Aboriginal Mentoring and Training Association executive director Laurie Sterritt at the opening of the AMTA office in Williams Lake

Aboriginal Mentoring and Training Association executive director Laurie Sterritt at the opening of the AMTA office in Williams Lake

AMTA’s funding cut by federal government

Skills training in B.C. received a blow after the federal government announced it has cut Skills Partnership Agreement funding to AMTA.

Skills training in B.C. received a blow after the federal government announced last week it has cut Skills Partnership Agreement funding to the Aboriginal Mentoring and Training Association (AMTA).

The cut has forced the program’s closure, AMTA’s founding executive director Laurie Sterritt said.

“This left us with no choice but to close our doors,” she told the Weekend Advisor.

AMTA began its journey in late 2009, and by the time Sterritt has put a plan in place and hired staff it was spring of 2010.

Twenty-one employees, including four in Williams Lake, will lose their jobs because of the closure.

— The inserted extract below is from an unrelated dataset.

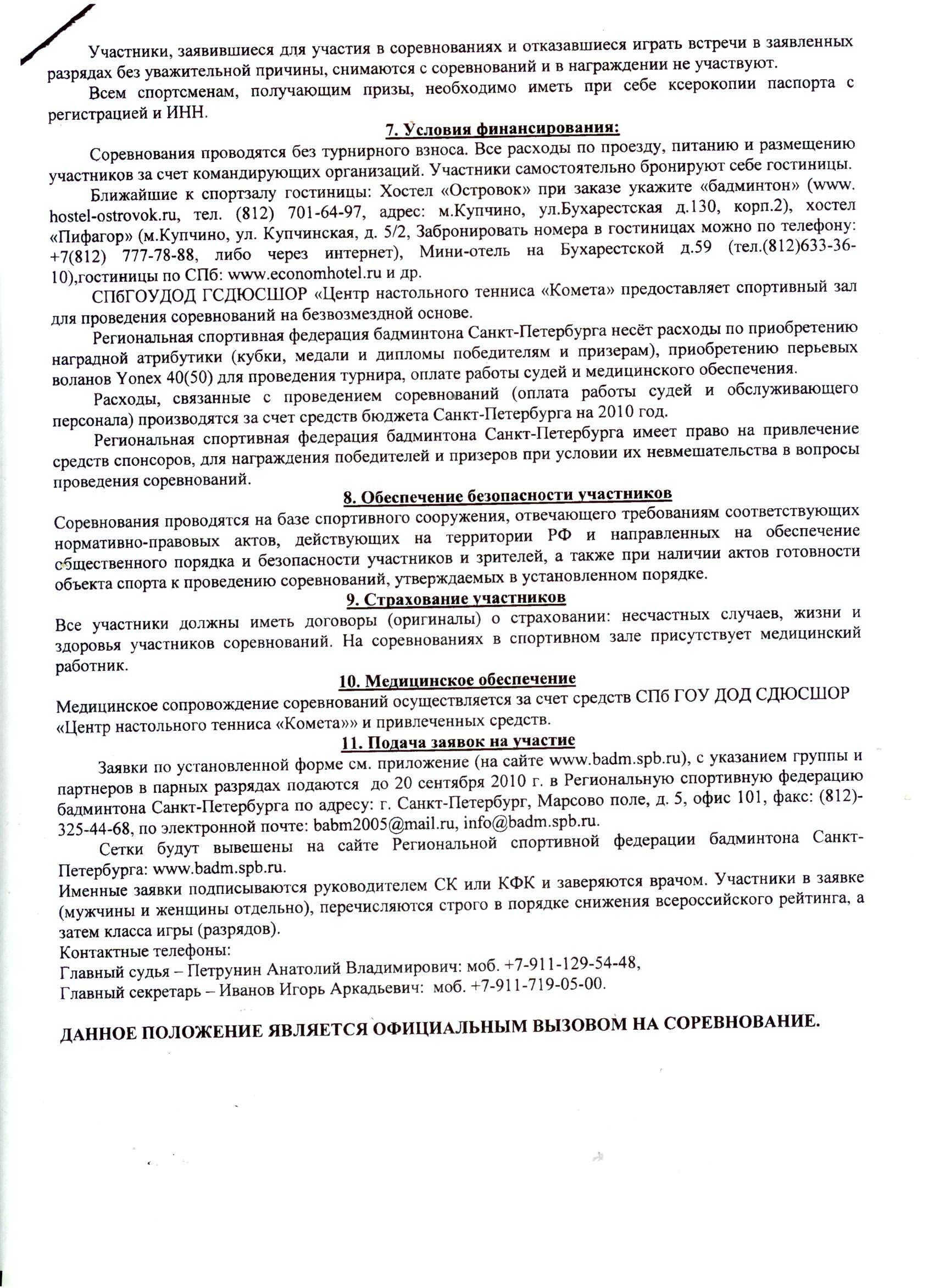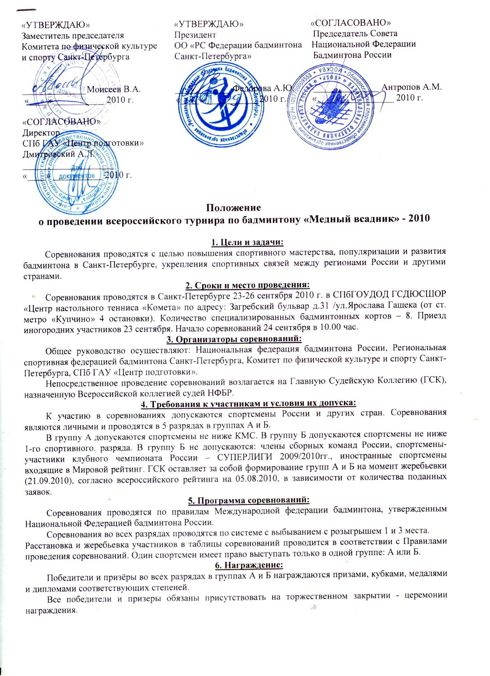 Положение о проведении всероссийского турнира по бадминтону «Медный всадник 2010» (Санкт-Петербург, 23-26 сентября)

“The number of candidates impacted is in the hundreds who will be cut off immediately,” she said, of programs scheduled to begin in November.

An ongoing intake for the Pathways to Success program in Williams Lake will cut off another dozen candidates.

Williams Lake Indian Band Chief Ann Louie said the cancellation is a disaster for First Nations, the region and B.C. overall.

“Several people in our community have gone through the program and got jobs in mining and heavy duty mechanics,” Louie said. “Both Gibraltar and Mount Polley have constantly said they need workers.”

When contacted Tuesday, Cariboo-Prince George MP Dick Harris said he wasn’t aware of the funding cut, but called back Wednesday after speaking with Aboriginal Affairs Minister Bernard Valcourt’s office.

The program’s funding is being discontinued for two reasons, Harris explained.

“Natural resource development has ground to a pretty slow pace except in forestry and many industry proponents have promised to provide training programs to people living in the region.”

Harris suggested it’s not that a training program is being discontinued with the closing of AMTA, but instead the onus of providing training to local people within regions where companies are developing industries has been transferred to companies.

Sterritt said more than 350 companies are in AMTA’s network, with active participation from companies like Gibraltar Mines, Teck Resources all over the province, New Gold, Acres Construction in the Thompson Okanagan and Summit Camps.

Taseko Mines Ltd. vice president of corporate affairs Brian Battison confirmed Gibraltar has worked closely with the program.

“We provided an office space in our Williams Lake office for AMTA, we provided transportation for candidates and have hired numerous students, who we found all to be capable and keen,” Battison said, adding those employment training opportunities probably would not have happened without AMTA.

According to Sterritt there has been a trend pressuring not-for-profit organizations in Canada.

“We have been absolutely committed to moving the dial on the skills gap and we have really engaged with First Nations across the province and with the resource sector communities and making a difference,” Sterritt said, explaining the model they’ve created is in such close alignment with federal and provincial government plans to grow the economy through tapping into that aboriginal potential work force.

“It’s very hard to let it go for sure but we know we’ve followed through with our commitments.”

All layoffs will be completed by Nov. 28, she confirmed.